Когда я отдаляюсь от болезни и вижу, что важна не только и не столько этим. Когда мои тексты хвалят за эмоциональность или глубину, когда ругают за плохой язык, или – что главное – когда я сама срастаюсь с текстом настолько, что понимаю: вот она, суть. Когда подписываю открытку незнакомцу с кактусовой фермы на границе США и Мексики или достаю помятую фотокарточку с сингапурскими марками из почтового ящика. В посткроссинге уж точно никто не боится диабета, он незаметен.

Удивительно, но в нем он незаметен даже для меня.

Теловой будто исчезает. Я знаю, что перемирие это недолгое, что в очередной серый день он выползет опять, проткнет кожу острыми коготками и забурчит спросонья:

– А помнишь, как мы делали торт из жареных кабачков, баклажанов и свежих помидоров? Да с майонезом. А мандарины под Новый год? А бич-пакеты? О, эта пища богов…

Я захандрю из-за мороженого, снова увижу подлетевший от нервотрепок сахар, расплачусь из-за любимой мысли «ну почему я?» или нестареющей и бессмысленной «за что?». Глупые вопросы, не желающие уходить из головы. Я снова поглажу Телового сквозь свитер и шмыгну носом.

– Ты можешь хоть раз меня поддержать?

– А ты себе для чего тогда нужна? – сварливо проворчит он.

– Чтоб плакаться.

– Ну и плачься тогда. А я лучше напомню, что…

И он снова будет брюзжать, а я снова буду доказывать зеркалу, что нормальная. Закрываться от людей или бесстрашно выходить, не пряча исколотые пальцы или пробуравленные капельницами вены. Жить с диагнозами и бесконечно подыскивать новые лечения.
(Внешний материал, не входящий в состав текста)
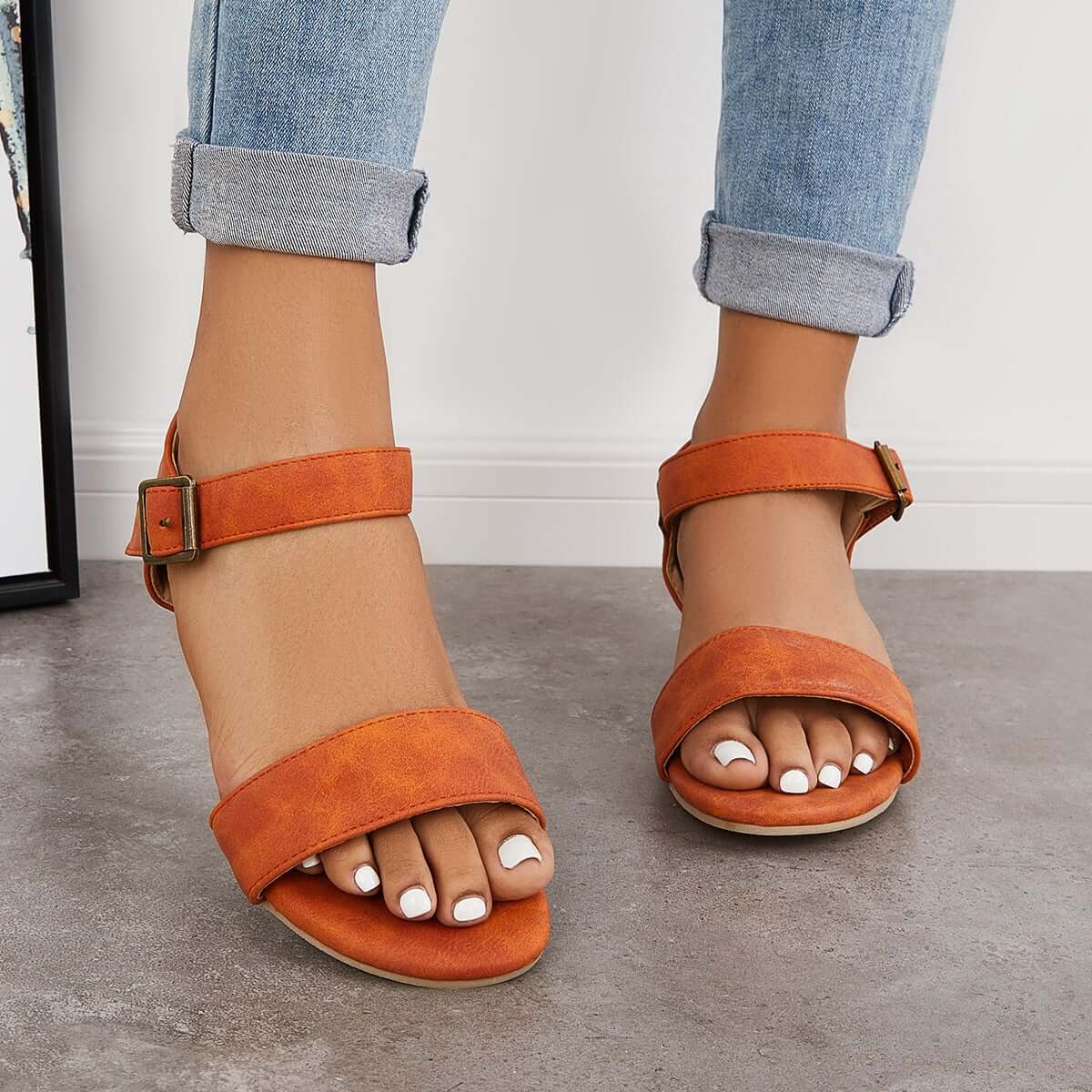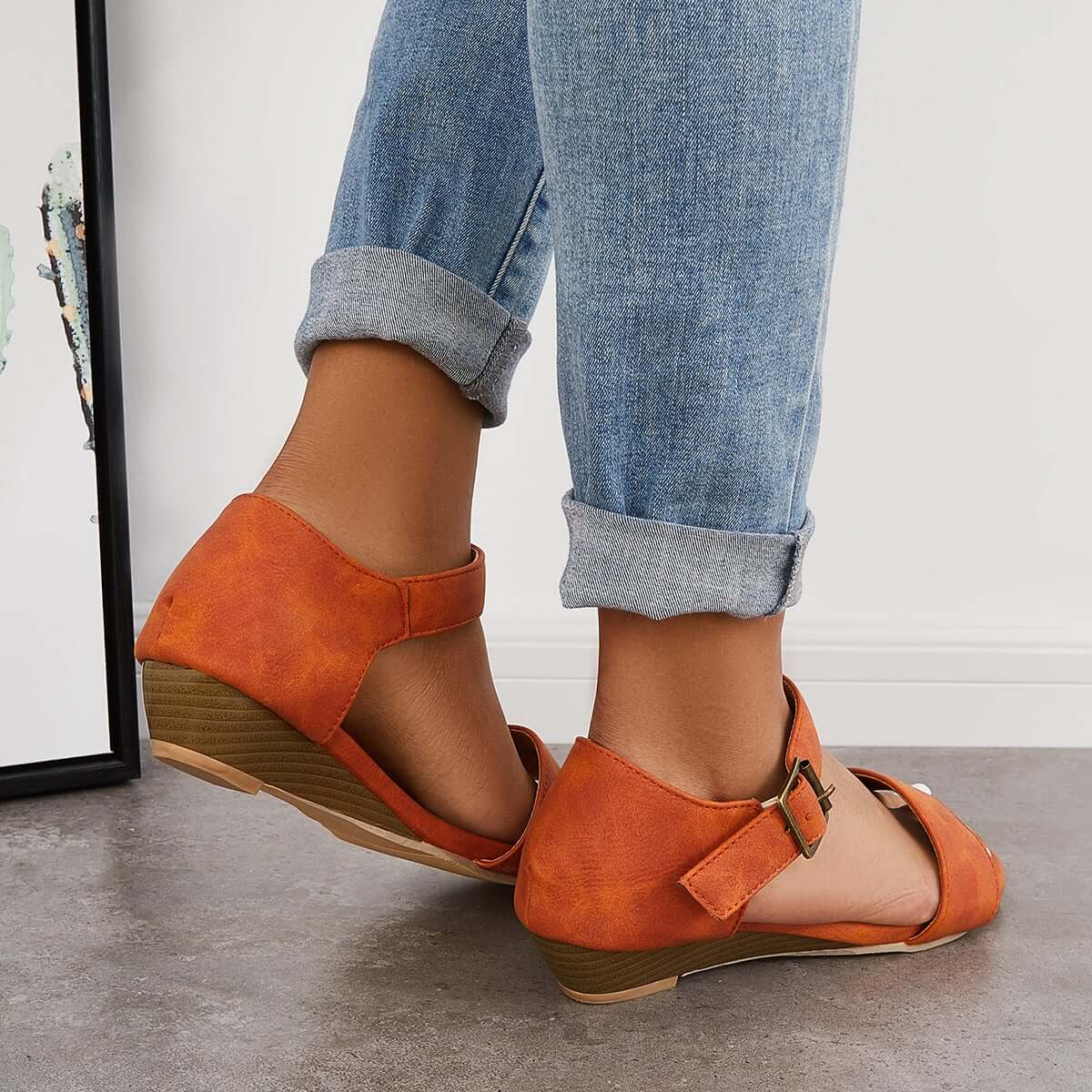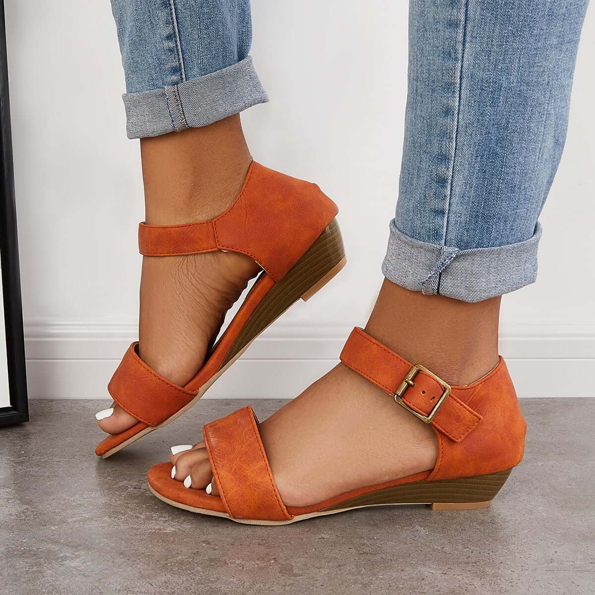 Black Open Toe Low Heels Wedge Ankle Strap Sandals

Да, болезни никуда не денутся. Но я научусь быть счастливой и с ними и обязательно этой счастливой буду. Осталось убедить в этом Телового.

И конечно же, саму себя.

Людмила Жуковская

Горгулья

Я возвращаюсь проведать свой город, маленький и пыльный. Летом он весь залит солнцем, по улицам бродят только растерянные матери с колясками. Дети играют в песке. Вот мой дом – девять этажей, серый кирпич. Рябина под окном – пока еще зеленая. Я брожу, задумавшись, и оказываюсь вдруг перед высоким острозубым забором: ворота закрыты. Во дворе – нежно-голубое трехэтажное здание. Стены его напоминают цветом старую мозаику – они состоят из мелких бледных плиток. Что-то тревожит меня. Я начинаю вспоминать: песок, камень, земля… То же здание, но десять лет назад. Усмехаюсь про себя: на моей личной карте города на него следовало бы повесить мемориальную табличку «Здесь родилась, жила и умерла Горгулья».

…Зима, 2011 год. Я ставлю будильник на пять утра, чтобы проснуться и понять, что мне не надо никуда идти. Это моя маленькая тайна. Спать еще два часа или лежать в темноте и смотреть, как тени от фар бродят по потолку. Идет снег – он всегда был и всегда будет. Мир замерзает – узоры проступают на оконном стекле. Когда меня спрашивают, кем я хочу быть, я лгу: говорю, что буду врачом или учителем. А на самом деле я просто не верю, что не умру. Мне все кажется, что жизнь моя закончится раньше, чем школа.

некрасивая, какая же ты некрасивая, мне стыдно сидеть с тобой, что на тебе за туфли, у меня такие бабушка носит

Я встаю и сажусь к столу. В первом ящике четыре маленьких лезвия, извлеченных из безопасной бритвы. Я достаю одно, верчу в пальцах. Потом прижимаю к предплечью и слежу, как выступают капельки крови. Прижимаю еще раз и смотрю не отрываясь: это я, это мое тело, вот оно чувствует боль, значит, оно живое. Значит, я еще здесь. За полторы четверти шестого класса руки мои покрылись ожогами и порезами. Теперь я могу заплакать – звенит стекло, приходит большой ветер. Остается несколько минут, а затем прозвенит будильник и начнется день. День – это плохо.

уходи, вали отсюда, вот мы тебя встретим, и тогда тебе мало не покажется, что ты смотришь на меня, прекрати пялиться

У меня нет ни одних джинсов – только юбки. Мама шила их сама. Девочке, особенно христианке, полагается ходить в юбке. Я вхожу в класс и слышу, как они смеются.